• _Data for analysis_:
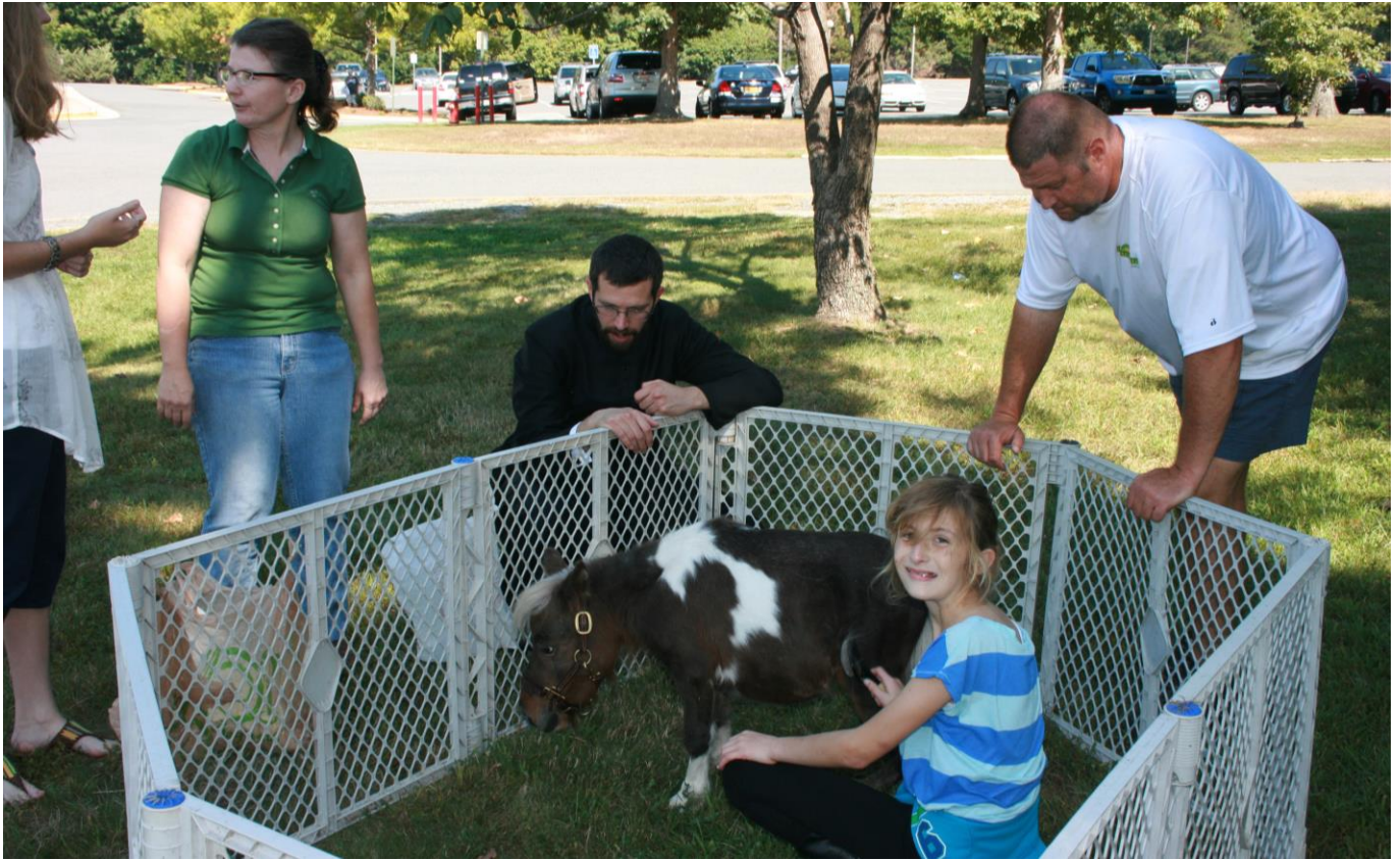
... and, was also enjoyed by adults!
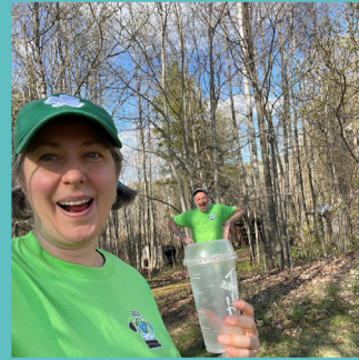
Don't Ditch The Ice Cap - Bin There Dump That Cap-turing a winning pic on the road!
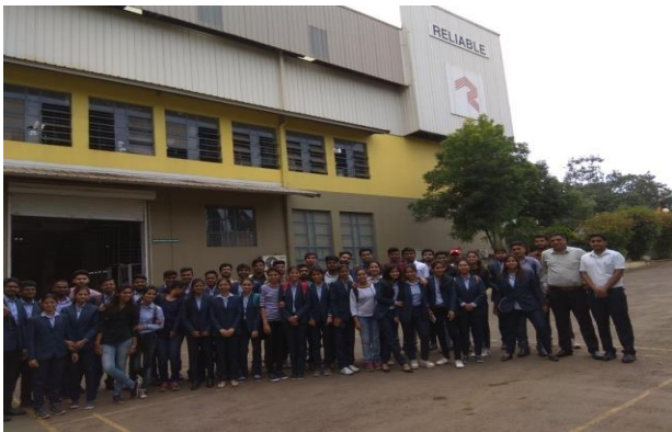
Staff and students of the department during visit to Reliable Automotive Pvt. Ltd.
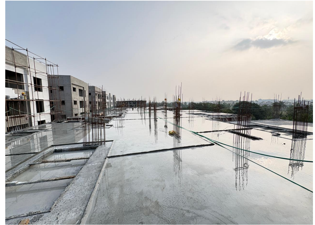
Block-02 – Pour-2 –Fourth Floor Slab Concrete Work Completed
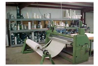
Wide Belt Slitter
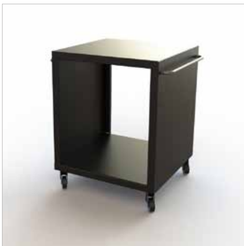
Forno, Outdoor Table - Terra

incl. Forno, Outdoor Table - Terra 60 x 60 cm, Tuscan Grill, Ash Scraper & 3 bags of fuel
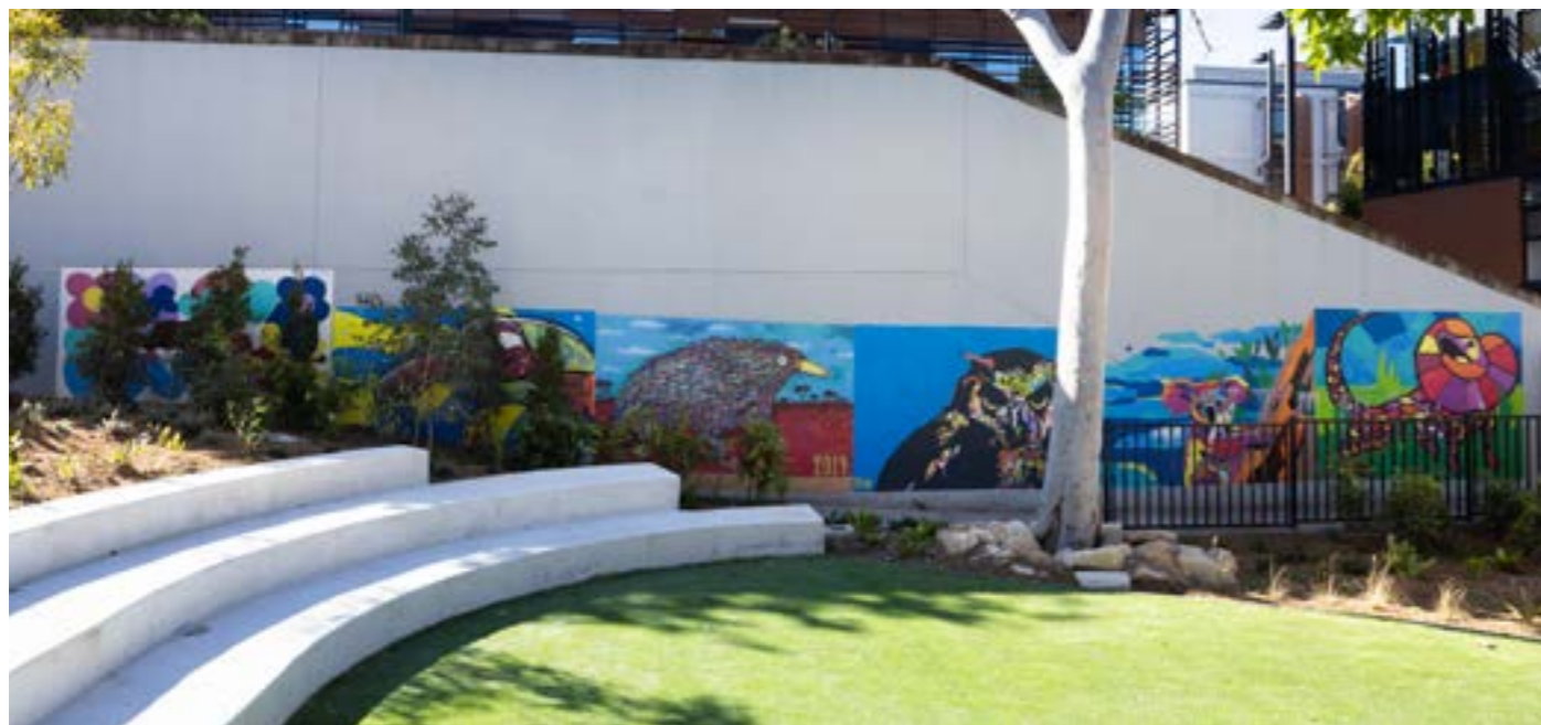
The Year 6 art was established in 2015

Key murals, such as the Year 6 art wall, were retained. Space is provided for future expansion of these artworks, which is an important consideration for current and future students who see it as an opportunity to create their own artwork for the school.
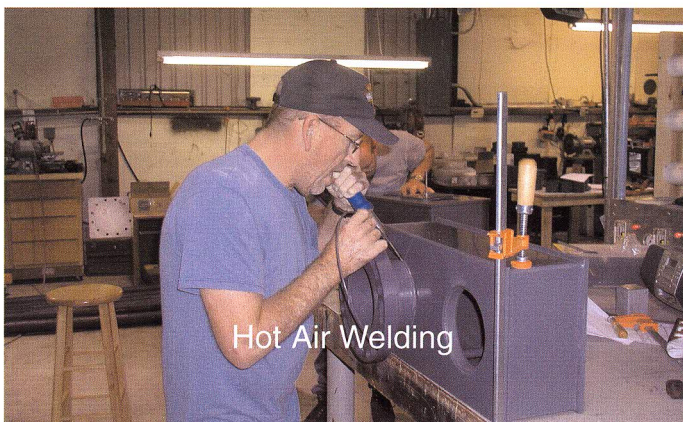
Hot Air Welding

Fluid Sealing Products, Inc. is a specialty company. Our specialty is machining and fabrication of engineering thermoplastics. We have over 20 years of experience machining and fabricating plastics. Our machines are state of the art CNC equipment and our people are highly experienced. Our welders all have a minimum of five years experience and some have as many as twenty. We have a 6000 square foot, air conditioned facility in Pasadena, Texas devoted entirely to plastics.
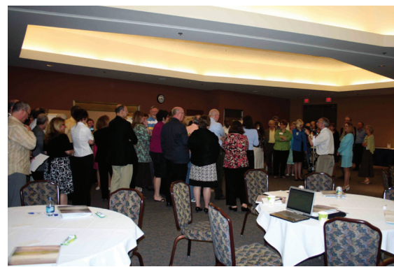
Stand Up and Be Counted: SACME members Standing Up to Be Counted during the exciting and interactive debate session
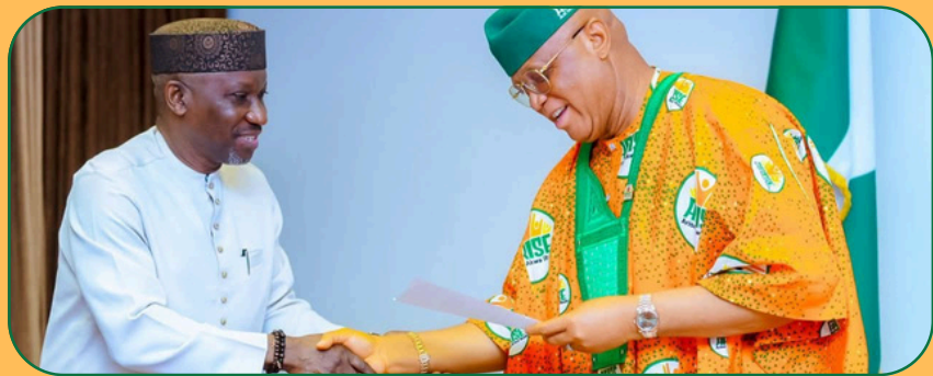
L-R: Minister of State for Petroleum Resources (Gas), Rt. Hon. Ekperikpe Ekpo, PhD., with His Excellency, the Governor of Akwa Ibom State, Pastor Umo Eno, PhD in Uyo.
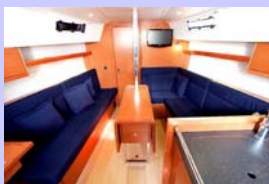
Saloon Cruiser 32

Busfield Marine Brokers 23b Westhaven Drive Westhaven Auckland 1010
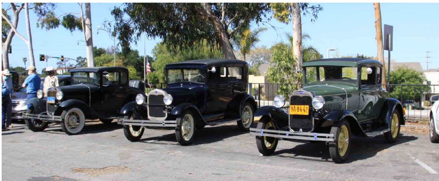
Gentlemen and Ladies, start your engines!

• _Work request_:
For this exercise, reproduce exactly the lines of the records above from the one with "Key murals, such" up to and including the one with "Hot Air Welding", without pictures.

• _Exercise result_:
Key murals, such as the Year 6 art wall, were retained. Space is provided for future expansion of these artworks, which is an important consideration for current and future students who see it as an opportunity to create their own artwork for the school.
Hot Air Welding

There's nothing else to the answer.